THE INPUT
■ ■ ■ ■ ■

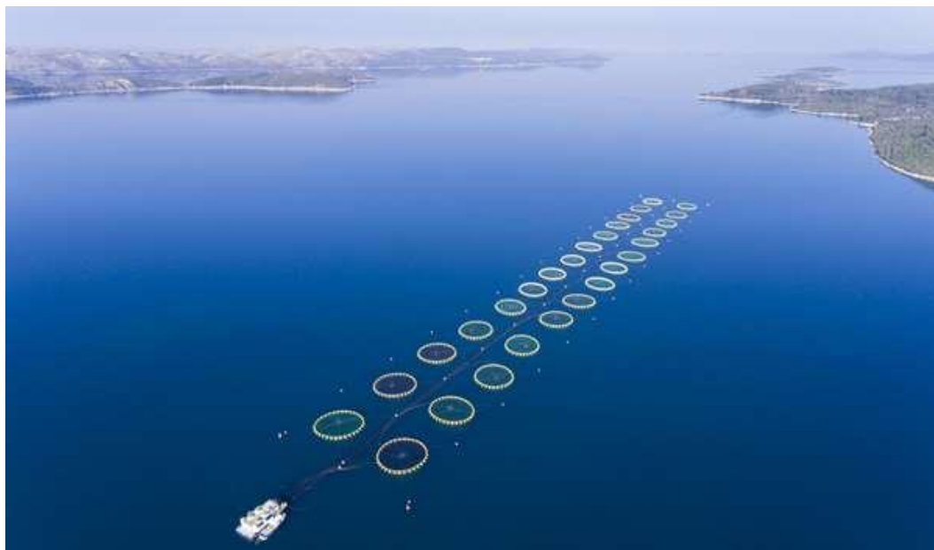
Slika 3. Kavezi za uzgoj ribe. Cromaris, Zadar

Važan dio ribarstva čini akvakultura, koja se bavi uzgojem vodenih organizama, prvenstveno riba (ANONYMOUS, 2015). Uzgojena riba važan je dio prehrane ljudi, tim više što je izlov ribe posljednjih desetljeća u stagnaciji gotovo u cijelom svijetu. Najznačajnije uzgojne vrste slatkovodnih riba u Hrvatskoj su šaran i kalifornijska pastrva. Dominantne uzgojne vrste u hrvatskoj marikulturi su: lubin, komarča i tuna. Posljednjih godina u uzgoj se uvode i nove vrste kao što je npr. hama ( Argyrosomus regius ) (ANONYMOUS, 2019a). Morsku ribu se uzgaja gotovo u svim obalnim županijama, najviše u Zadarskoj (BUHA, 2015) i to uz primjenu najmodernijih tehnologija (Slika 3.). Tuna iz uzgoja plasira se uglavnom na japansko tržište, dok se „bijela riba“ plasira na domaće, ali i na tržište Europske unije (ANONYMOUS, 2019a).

■ ■ ■ ■ ■

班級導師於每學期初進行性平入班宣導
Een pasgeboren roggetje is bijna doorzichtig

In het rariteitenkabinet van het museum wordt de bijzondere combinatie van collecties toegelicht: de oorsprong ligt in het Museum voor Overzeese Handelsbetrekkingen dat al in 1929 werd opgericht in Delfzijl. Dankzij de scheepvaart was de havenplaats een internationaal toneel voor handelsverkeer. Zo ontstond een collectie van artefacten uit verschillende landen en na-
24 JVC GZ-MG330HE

■ ■ ■ ■ ■

TASK OBJECTIVE
Of the lines above, show those in which "uzgoj" appears.

REPLY
Slika 3. Kavezi za uzgoj ribe. Cromaris, Zadar
Važan dio ribarstva čini akvakultura, koja se bavi uzgojem vodenih organizama, prvenstveno riba (ANONYMOUS, 2015). Uzgojena riba važan je dio prehrane ljudi, tim više što je izlov ribe posljednjih desetljeća u stagnaciji gotovo u cijelom svijetu. Najznačajnije uzgojne vrste slatkovodnih riba u Hrvatskoj su šaran i kalifornijska pastrva. Dominantne uzgojne vrste u hrvatskoj marikulturi su: lubin, komarča i tuna. Posljednjih godina u uzgoj se uvode i nove vrste kao što je npr. hama ( Argyrosomus regius ) (ANONYMOUS, 2019a). Morsku ribu se uzgaja gotovo u svim obalnim županijama, najviše u Zadarskoj (BUHA, 2015) i to uz primjenu najmodernijih tehnologija (Slika 3.). Tuna iz uzgoja plasira se uglavnom na japansko tržište, dok se „bijela riba“ plasira na domaće, ali i na tržište Europske unije (ANONYMOUS, 2019a).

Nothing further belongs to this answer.